**PROVIDED DATA**.
---------------

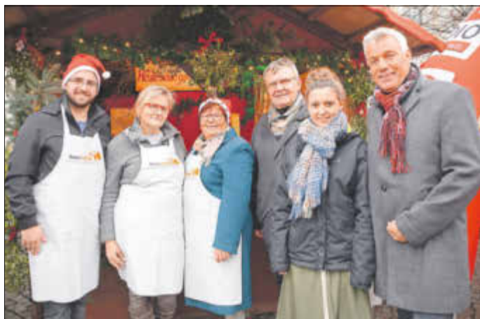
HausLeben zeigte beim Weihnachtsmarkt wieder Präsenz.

---------------

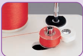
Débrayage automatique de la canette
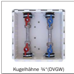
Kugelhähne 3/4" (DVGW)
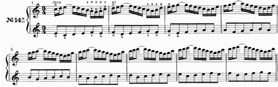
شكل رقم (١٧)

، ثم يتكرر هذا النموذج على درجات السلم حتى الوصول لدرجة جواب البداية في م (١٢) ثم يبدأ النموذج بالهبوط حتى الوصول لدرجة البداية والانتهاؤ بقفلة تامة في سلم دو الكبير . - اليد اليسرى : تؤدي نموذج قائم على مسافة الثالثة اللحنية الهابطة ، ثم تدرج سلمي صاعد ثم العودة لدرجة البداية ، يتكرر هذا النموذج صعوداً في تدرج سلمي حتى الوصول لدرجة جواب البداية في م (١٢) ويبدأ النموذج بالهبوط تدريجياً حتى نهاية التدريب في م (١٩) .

---------------

**WHAT YOU HAVE TO DO**.
Look above for the line with "شكل رقم (١٧)" and the line with "في م (١٩) .". Retype those two lines and every line between them exactly, adding nothing.

**EXPECTED ANSWER**.
شكل رقم (١٧)

، ثم يتكرر هذا النموذج على درجات السلم حتى الوصول لدرجة جواب البداية في م (١٢) ثم يبدأ النموذج بالهبوط حتى الوصول لدرجة البداية والانتهاؤ بقفلة تامة في سلم دو الكبير . - اليد اليسرى : تؤدي نموذج قائم على مسافة الثالثة اللحنية الهابطة ، ثم تدرج سلمي صاعد ثم العودة لدرجة البداية ، يتكرر هذا النموذج صعوداً في تدرج سلمي حتى الوصول لدرجة جواب البداية في م (١٢) ويبدأ النموذج بالهبوط تدريجياً حتى نهاية التدريب في م (١٩) .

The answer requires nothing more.